#### BRIEF
From the line containing "Полупрозрачный белый тонированный" down to the line containing "Willow Longline Trench Coat In Coffee" in the records below, reproduce every line exactly, ends included, and omit all others.

#### RECORDS FOR THIS TASK
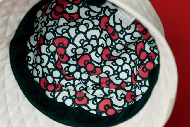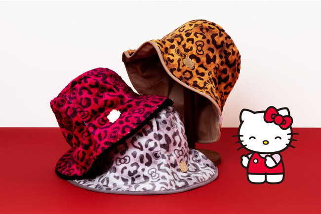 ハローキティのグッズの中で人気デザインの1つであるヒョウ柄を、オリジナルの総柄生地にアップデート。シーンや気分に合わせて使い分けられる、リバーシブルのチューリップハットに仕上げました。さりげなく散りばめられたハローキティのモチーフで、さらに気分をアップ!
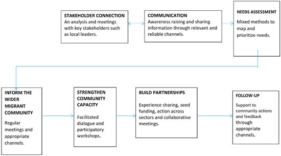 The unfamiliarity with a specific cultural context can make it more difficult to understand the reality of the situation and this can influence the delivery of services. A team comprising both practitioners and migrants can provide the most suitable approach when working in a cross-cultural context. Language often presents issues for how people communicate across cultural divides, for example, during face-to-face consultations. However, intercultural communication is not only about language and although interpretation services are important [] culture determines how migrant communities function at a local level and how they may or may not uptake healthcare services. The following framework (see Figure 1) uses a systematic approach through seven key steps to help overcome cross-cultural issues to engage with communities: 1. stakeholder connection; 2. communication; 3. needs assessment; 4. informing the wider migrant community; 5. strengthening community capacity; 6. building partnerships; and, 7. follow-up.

==

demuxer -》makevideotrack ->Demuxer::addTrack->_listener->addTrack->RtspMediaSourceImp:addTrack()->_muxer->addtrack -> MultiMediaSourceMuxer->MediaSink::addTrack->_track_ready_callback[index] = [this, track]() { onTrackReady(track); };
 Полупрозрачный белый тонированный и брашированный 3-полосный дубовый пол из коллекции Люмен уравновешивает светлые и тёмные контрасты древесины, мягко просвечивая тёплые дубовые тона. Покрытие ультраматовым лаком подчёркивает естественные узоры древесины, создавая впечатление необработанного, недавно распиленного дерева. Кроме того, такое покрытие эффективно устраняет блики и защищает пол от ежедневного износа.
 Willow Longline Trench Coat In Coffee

#### RESULT BELOW
 Полупрозрачный белый тонированный и брашированный 3-полосный дубовый пол из коллекции Люмен уравновешивает светлые и тёмные контрасты древесины, мягко просвечивая тёплые дубовые тона. Покрытие ультраматовым лаком подчёркивает естественные узоры древесины, создавая впечатление необработанного, недавно распиленного дерева. Кроме того, такое покрытие эффективно устраняет блики и защищает пол от ежедневного износа.
 Willow Longline Trench Coat In Coffee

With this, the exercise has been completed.